_About this task_
Without the pictures, retype exactly the lines from the top of the entries below through the line that contains "Pair Kingsley Bates Outdoor Teak Armchairs".

=-=-=-=-=

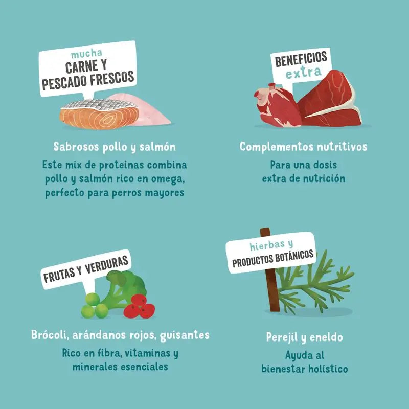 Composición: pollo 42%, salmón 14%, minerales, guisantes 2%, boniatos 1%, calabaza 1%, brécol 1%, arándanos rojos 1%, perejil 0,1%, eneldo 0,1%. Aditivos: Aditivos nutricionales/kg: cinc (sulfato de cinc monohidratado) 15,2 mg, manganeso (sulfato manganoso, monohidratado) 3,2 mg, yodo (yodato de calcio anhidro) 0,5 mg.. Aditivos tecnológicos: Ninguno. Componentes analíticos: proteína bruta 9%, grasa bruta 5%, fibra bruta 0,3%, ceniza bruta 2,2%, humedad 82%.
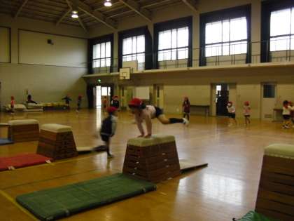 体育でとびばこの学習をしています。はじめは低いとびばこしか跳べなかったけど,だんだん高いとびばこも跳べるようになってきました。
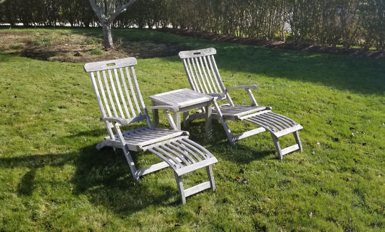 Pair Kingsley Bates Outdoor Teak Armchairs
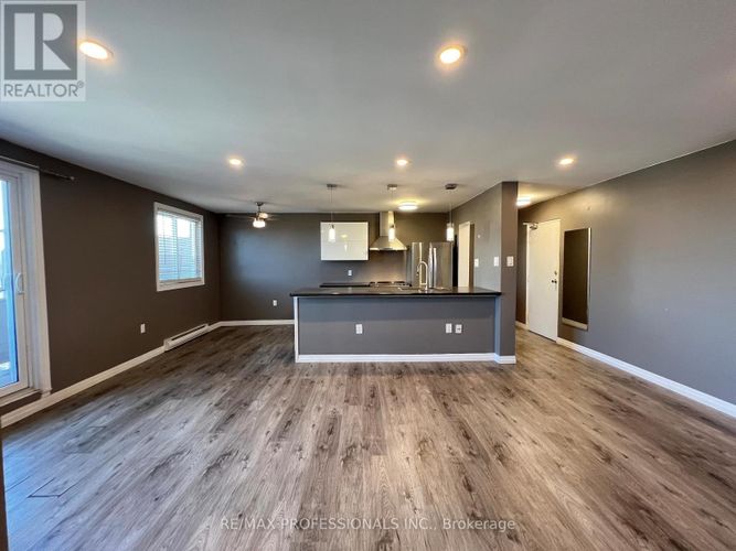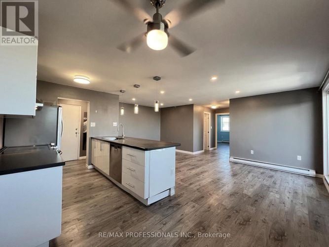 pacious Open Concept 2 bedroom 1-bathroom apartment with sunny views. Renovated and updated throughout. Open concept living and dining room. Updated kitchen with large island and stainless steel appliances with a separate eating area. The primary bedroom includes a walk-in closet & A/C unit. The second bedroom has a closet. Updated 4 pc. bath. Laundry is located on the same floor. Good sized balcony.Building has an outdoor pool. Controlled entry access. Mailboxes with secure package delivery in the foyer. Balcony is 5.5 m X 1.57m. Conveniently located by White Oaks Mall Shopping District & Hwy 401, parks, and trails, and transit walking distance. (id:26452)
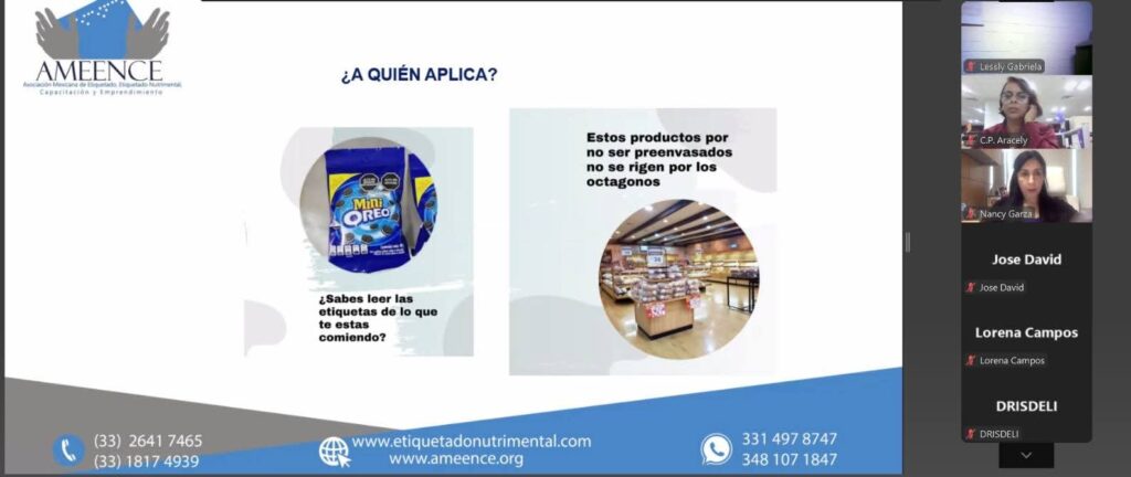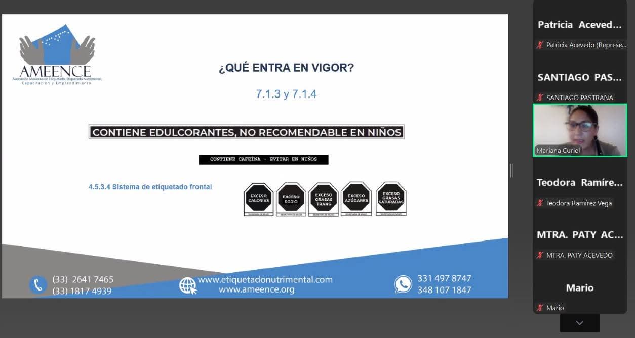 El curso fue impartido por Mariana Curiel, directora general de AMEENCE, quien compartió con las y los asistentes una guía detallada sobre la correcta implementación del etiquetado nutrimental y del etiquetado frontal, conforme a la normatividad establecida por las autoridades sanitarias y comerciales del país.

=-=-=-=-=

_Your response_
 Composición: pollo 42%, salmón 14%, minerales, guisantes 2%, boniatos 1%, calabaza 1%, brécol 1%, arándanos rojos 1%, perejil 0,1%, eneldo 0,1%. Aditivos: Aditivos nutricionales/kg: cinc (sulfato de cinc monohidratado) 15,2 mg, manganeso (sulfato manganoso, monohidratado) 3,2 mg, yodo (yodato de calcio anhidro) 0,5 mg.. Aditivos tecnológicos: Ninguno. Componentes analíticos: proteína bruta 9%, grasa bruta 5%, fibra bruta 0,3%, ceniza bruta 2,2%, humedad 82%.
 体育でとびばこの学習をしています。はじめは低いとびばこしか跳べなかったけど,だんだん高いとびばこも跳べるようになってきました。
 Pair Kingsley Bates Outdoor Teak Armchairs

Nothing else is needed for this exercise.